Another man came into the men’s room, but he was on business. Joe Pettigrew caught the door as it swung shut and slipped out. The barkeep was behind the bar again. The man from the booth and the woman with the dirty white lambs-wool were starting out.
“Come again soon,” the barkeep said, in a voice that meant exactly the opposite. The man from the booth almost stopped but the woman said something to him and they went on out.
“What’s the beef?” the man on the stool asked, the one who had not gone to the men’s room.
“I could pick a better-looking skirt than that over on North Broadway at one in the A.M.,” the barkeep said contemptuously. “The guy not only ain’t got no manners and no brains, he ain’t got no taste.”
“But you know what he has got,” the man on the stool said laconically as Joe Pettigrew went quietly out of the door.
&nb
sp; The bus station on Cahuenga was the place. People coming and going all the time, people intent on one thing, people who would never look to see who jostled them, people with no time to think and most of them nothing to think with if they had the time. There was plenty of noise. Dialing in an empty phone booth would attract no attention. He reached up and loosened the bulb so the light would not go on when he closed the door. He was a little worried now. The snuff couldn’t be trusted for much more than an hour. He figured back from the time he had left the young policeman in the living-room at the house to when the man in the booth had looked up and seen him.
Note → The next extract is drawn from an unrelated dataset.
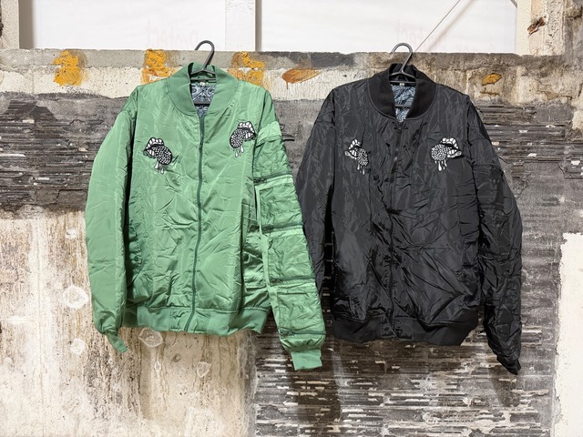 一からカスタムされたMA-1 袖にはたくさんのポケットに中の生地はオリジナルの柄をチョイス。 アメカジでもストリートでも色んな場面で活躍間違いなし。 春先でも大活躍です。
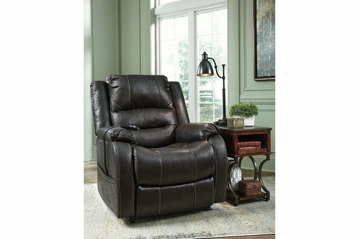 Double your pleasure and your sense of style with this power lift recliner. Dual motor capability gives you the freedom to recline back and elevate your legs independently for more custom comfort positioning. And with the touch of a button, power lift feature gently eases you from the ultimate slumber into a lift-and-tilt position to get you back on your feet, effortlessly. Designer upholstery may look like gently battered leather, but it’s actually a feel-good faux leather with warm, cozy appeal.

Just about an hour. This took thought. Much thought. He peered at the telephone number. Gladstone 7-4963. He dropped his nickel and dialed it. At first it didn’t ring, then a wavy high-pitched whine reached his ears, then a click and then he heard his nickel drop down into the return slot. Then an operator’s voice said: “What number are you calling, please?”
Joe Pettigrew told her. She said: “One moment, please.” There was a pause. Joe Pettigrew kept looking out through the glass panel of the booth. He wondered how long it would be before somebody tried the door of the booth and how much longer before someone noticed what would seem to him or her a very curious position for the telephone receiver—at the ear of a someone who wasn’t there. He supposed it was that way. The whole damn telephone system could hardly disappear just because he was using one instrument.